Hari Bumi dan Kegagalan Kapitalisme dalam Menjaga Lingkungan

"Bila kita tela'ah, memang ada keterkaitan antara pemanasan global dengan negara-negara kapitalis dan ideologi kapitalisme yang dianutnya. Ini merupakan salah satu bukti kegagalan dan rusaknya ideologi kapitalis dalam menjaga lingkungan hidup yang diakibatkan oleh keangkuhan mereka dalam meraup keuntungan sebesar-besarnya. Amerika Serikat dan negara-negara maju tidak mau kepentingan politik dan ekonominya ‘terkurangi’. Sebab, jika mereka sepakat mengurangi emisi karbon, maka bencana mungkin akan dialami oleh mereka."

Oleh. Mariam
(Kontributor Tetap NarasiPost.com)

NarasiPost.Com-Peringatan Hari Bumi yang diselenggarakan setiap 22 April merupakan acara tahunan dengan tujuan untuk meningkatkan kesadaran publik tentang masalah lingkungan yang mendorong terjadinya perubahan iklim di dunia. Ini diperingati di seluruh pelosok negeri dengan dilakukan beberapa kegiatan, mulai dari aksi unjuk rasa, konferensi, proyek sekolah, dan kegiatan lainnya. (CNNIndonesia, 22/4/2022)
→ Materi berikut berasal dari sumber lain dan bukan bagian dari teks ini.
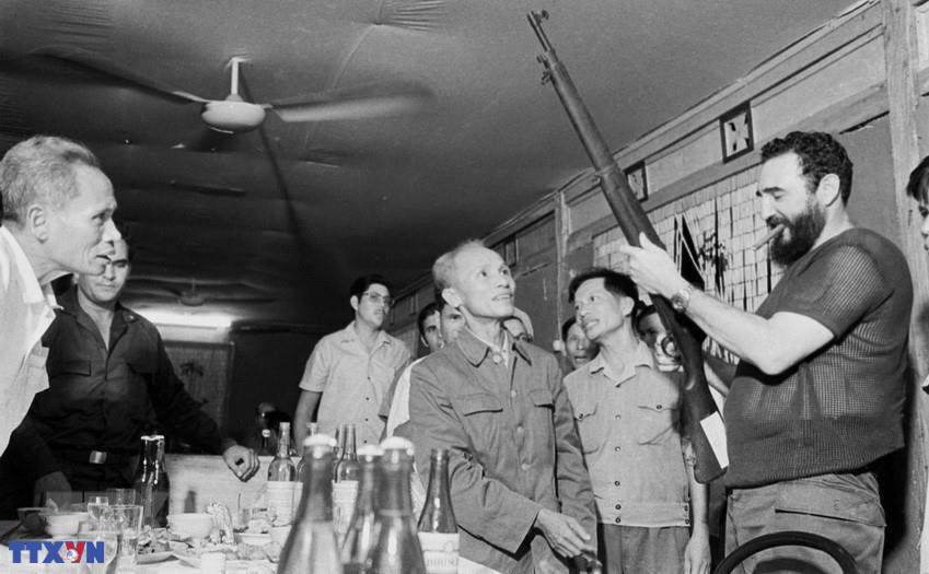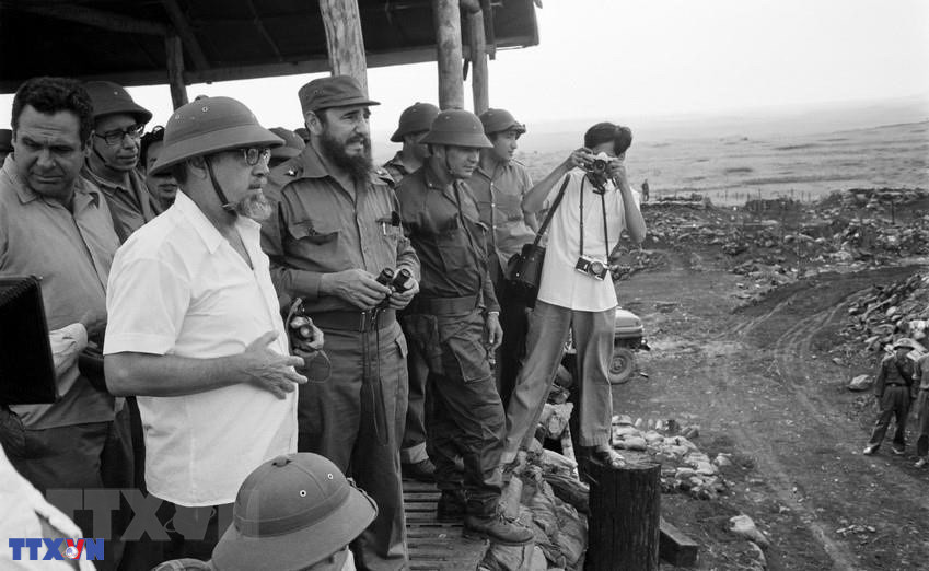 Ông Fidel Castro, Bí thư thứ nhất Ban Chấp hành Trung ương Đảng Cộng sản Cuba, Thủ tướng Chính phủ Cách mạng Cuba thị sát Căn cứ quân sự Tân Lâm-Dốc Miếu trên Hàng rào điện tử McNamara, bị quân và dân miền Nam phá hủy, ngày 15/9/1973. (Ảnh: TTXVN)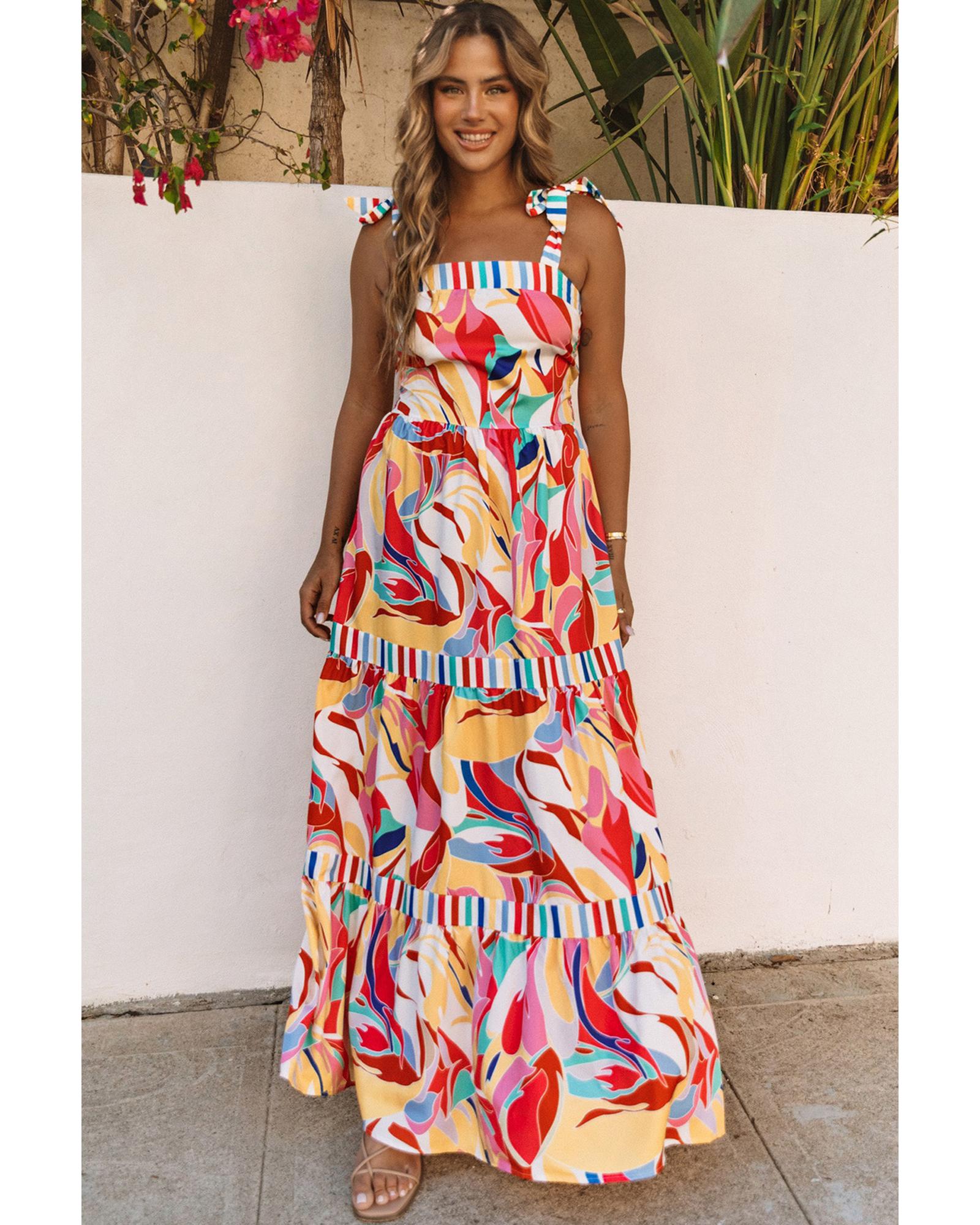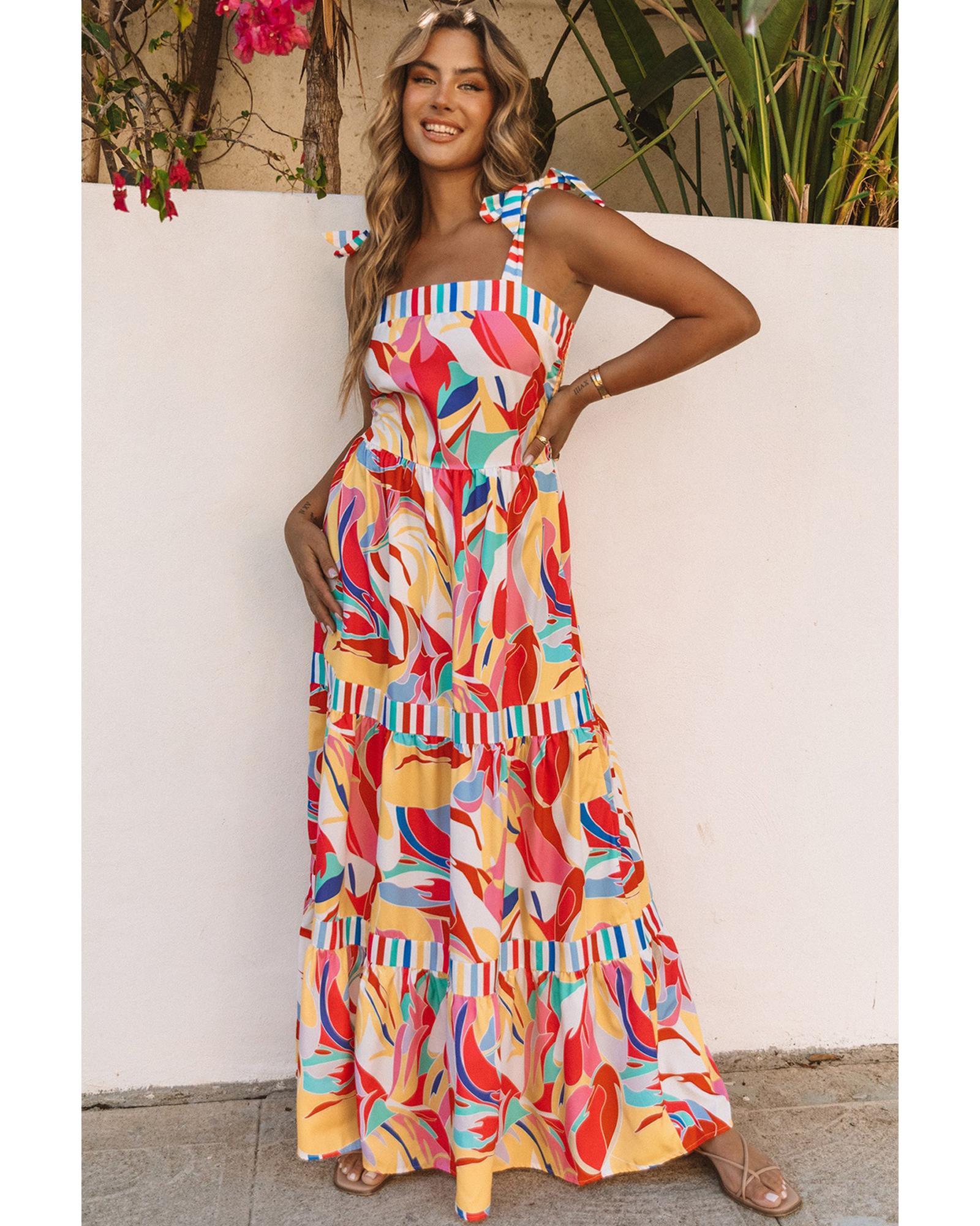 This maxi sundress features a vibrant multicolor abstract print with striped trim, offering a stylish and comfortable option for warm weather. Its lightweight fabric allows for elegant movement, making it suitable for casual outings or special occasions.

Peringatan ini terkait erat dengan isu perubahan iklim, yang salah satunya dipicu oleh penggunaan bahan bakar fosil. Momen ini pun berusaha mengingatkan masyarakat tentang dampak dari mengabaikan ‘Kesehatan Bumi’.
Pasalnya, perubahan iklim juga bisa merusak ekonomi, meningkatkan kelangkaan bahan pangan, memangkas keuntungan perdagangan, kepunahan satwa, hingga berdampak pada kesehatan manusia.
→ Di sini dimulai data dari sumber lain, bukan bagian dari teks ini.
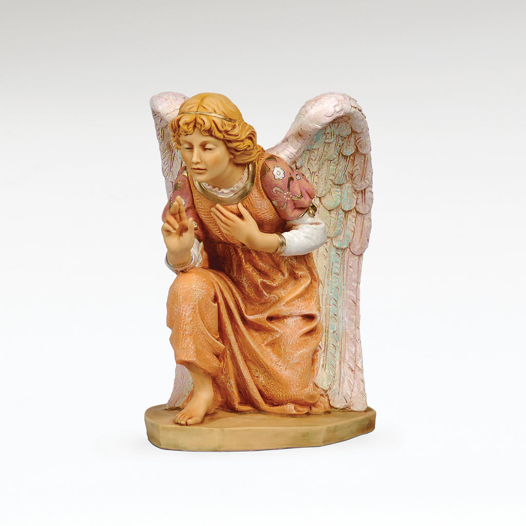 This Kneeling Angel from embodies devotion and reverence at the heart of the Nativity. With one hand lifted in blessing and the other placed humbly across the chest, the angel’s graceful pose captures a moment of quiet worship before the Newborn King. The soft flowing robes, textured wings, and hand-painted detailing reflect Fontanini’s artistry, bringing both elegance and sacred meaning to your display.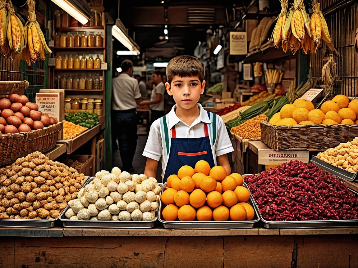 A close-up view of a young boy standing behind a stall brimming with fresh produce in a bustling market, a wide array of vibrant fruits and vegetables meticulously arranged creating a captivating visual tapestry.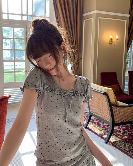 Polka Dots Gray Ribbon T-shirt & Short Pants BU0178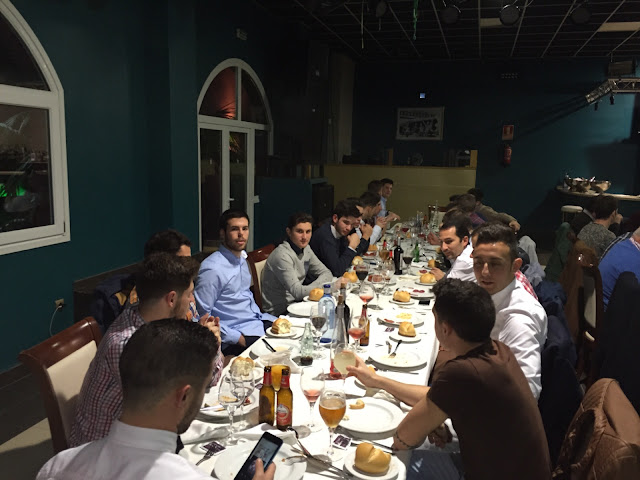Misma mesa vista del fondo norte con nuestro delantero centro Rubén niquelao de azul,el artista el centro del campo,canterano y juvenil ANTOÑITO a su lado,junto al bueno de DANI MERCHAN,que tiene enfente a nuestro capitán NANDY,muy pensativo,todo lo contrario que el de Nogales BORJA,que esta animando la mesa.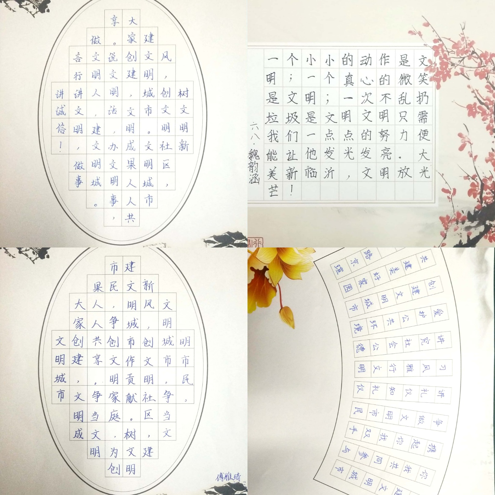 六年級學(xué)生各顯身手,積極參與,創(chuàng)造出一批優(yōu)秀的文藝作品,全面助力文明城市創(chuàng)建!

Earth Day menyebutkan bahwa perusahaan yang cerdas bisa mengerti soal go green dan dapat meningkatkan keuntungan jangka panjang. Untuk alasan kemanusiaan dan bisnis, penting bagi perusahaan di semua skala untuk mengambil tindakan dan menerima manfaat dari ekonomi hijau. (CNNIndonesia, 22/4/2022)
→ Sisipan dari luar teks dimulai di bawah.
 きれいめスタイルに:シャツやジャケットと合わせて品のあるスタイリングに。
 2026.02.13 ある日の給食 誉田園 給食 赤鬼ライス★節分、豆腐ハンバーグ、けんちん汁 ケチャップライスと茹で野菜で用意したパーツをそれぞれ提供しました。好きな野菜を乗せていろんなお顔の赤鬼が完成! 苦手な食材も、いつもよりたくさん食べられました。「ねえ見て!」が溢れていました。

Sejarah Awal Adanya Hari Bumi

Hari Bumi pertama kali dirancang oleh Senator Amerika Serikat, Gaylord Nelson pada tahun 1970. Bermula dari gerakan lingkungan yang terjadi pada 22 April 1970 di Amerika Serikat. Ketika ditahun 1960-an sampai 1970-an gejolak ekonomi dan politik semakin memanas. Masyarakat Amerika mengisap gas timbal dalam jumlah besar akibat dari pabrik-pabrik yang menghasilkan asap dan lumpur yang tidak terkontrol, polusi udara di mana-mana yang mengakibatkan kerusakan lingkungan yang signifikan.
Akhirnya pada Januari 1969, muncul banyak aktivis lingkungan, termasuk Senator Gaylord Nelson, yang khawatir semakin buruknya lingkungan di Amerika, terlebih adanya insiden tumpah minyak besar-besaran di Santa Barbara, California.

Dilansir dari History, Jumat (22/4/2022), Nelson, terpilih menjadi Senat Amerika paada tahun 1962 untuk meyakinkan pemerintah federal bahwa bumi sedang dalam bahaya.
Nelson ingin menerapkan semangat untuk menyadarkan publik akan polusi udara dan air. Dia menggandeng anggota Kongres Partai Republik, Pete McCloskey, dan aktivis muda Denis Hayen. Denis Hayen yang terpilih sebagai koordinator nasional Hari Bumi dan bekerja dengan pasukan sukarelawan mahasiswa dengan 85 anggota staf dari Kantor Nelson, mengumpulkan 20 juta orang untuk mengatur sebuah proyek tentang pengajaran kampus dan memilih tanggal 22 April untuk melakukan aksi damai.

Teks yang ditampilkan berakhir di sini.